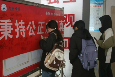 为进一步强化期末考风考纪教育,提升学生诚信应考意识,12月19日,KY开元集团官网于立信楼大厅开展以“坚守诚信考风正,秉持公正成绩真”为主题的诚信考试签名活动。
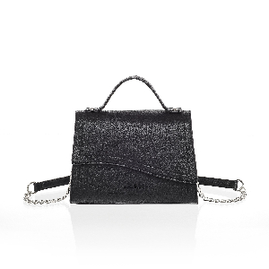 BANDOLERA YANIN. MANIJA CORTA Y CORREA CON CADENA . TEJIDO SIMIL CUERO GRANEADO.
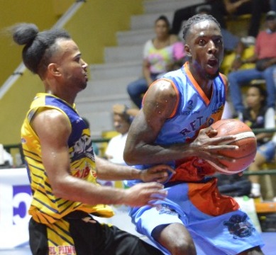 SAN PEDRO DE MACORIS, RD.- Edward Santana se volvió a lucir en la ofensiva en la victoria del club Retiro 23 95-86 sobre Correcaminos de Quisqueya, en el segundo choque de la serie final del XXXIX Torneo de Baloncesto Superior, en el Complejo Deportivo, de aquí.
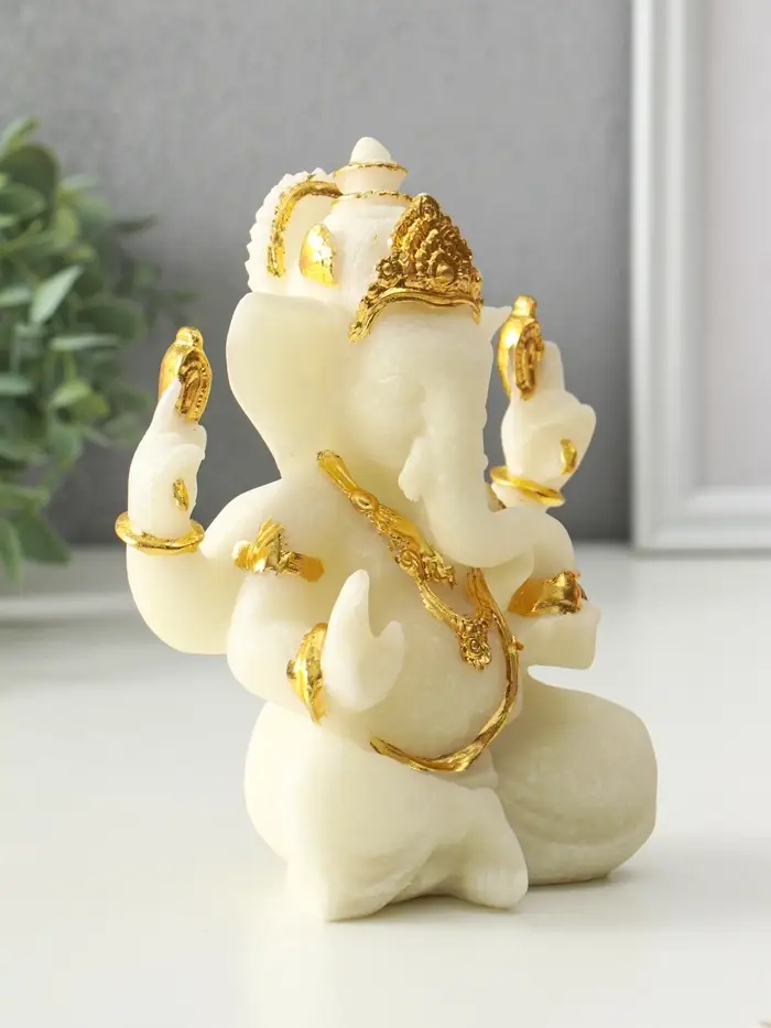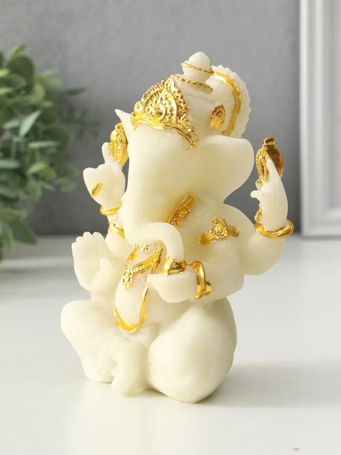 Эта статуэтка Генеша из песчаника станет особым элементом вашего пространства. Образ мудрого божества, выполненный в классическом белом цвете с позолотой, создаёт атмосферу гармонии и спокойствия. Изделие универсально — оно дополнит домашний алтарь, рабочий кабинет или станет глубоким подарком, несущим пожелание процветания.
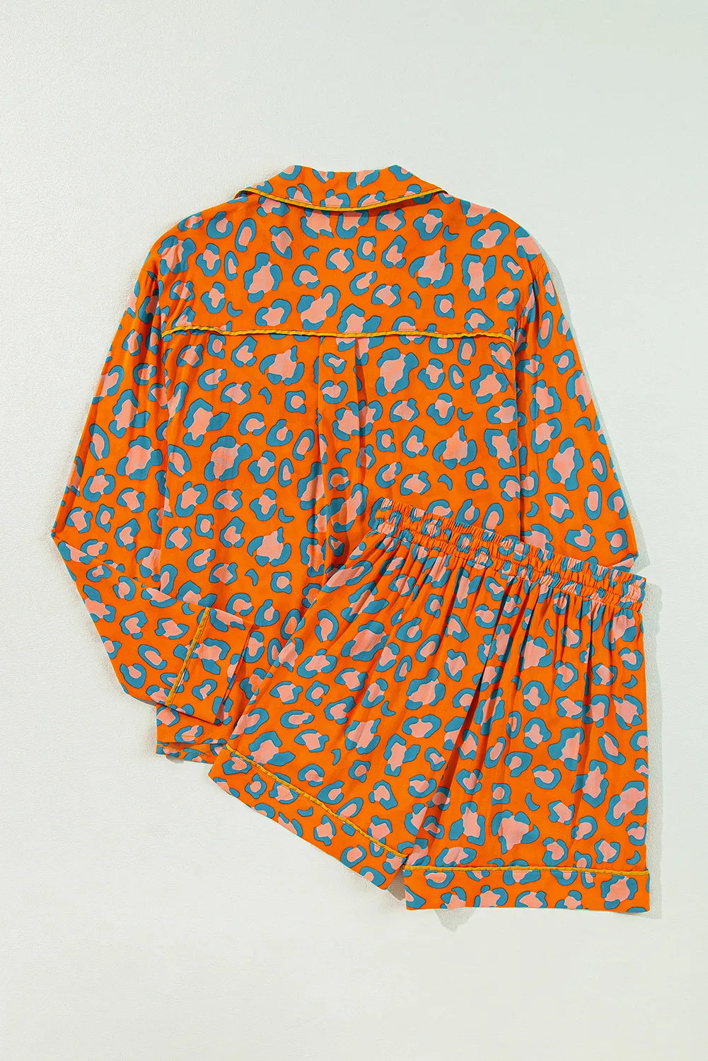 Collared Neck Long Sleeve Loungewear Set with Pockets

● WHAT THE TASK ASKS:
Omitting all images, retype each line of the records precisely.

● RESULT OF THIS TASK:
 为进一步强化期末考风考纪教育,提升学生诚信应考意识,12月19日,KY开元集团官网于立信楼大厅开展以“坚守诚信考风正,秉持公正成绩真”为主题的诚信考试签名活动。
 BANDOLERA YANIN. MANIJA CORTA Y CORREA CON CADENA . TEJIDO SIMIL CUERO GRANEADO.
 SAN PEDRO DE MACORIS, RD.- Edward Santana se volvió a lucir en la ofensiva en la victoria del club Retiro 23 95-86 sobre Correcaminos de Quisqueya, en el segundo choque de la serie final del XXXIX Torneo de Baloncesto Superior, en el Complejo Deportivo, de aquí.
 Эта статуэтка Генеша из песчаника станет особым элементом вашего пространства. Образ мудрого божества, выполненный в классическом белом цвете с позолотой, создаёт атмосферу гармонии и спокойствия. Изделие универсально — оно дополнит домашний алтарь, рабочий кабинет или станет глубоким подарком, несущим пожелание процветания.
 Collared Neck Long Sleeve Loungewear Set with Pockets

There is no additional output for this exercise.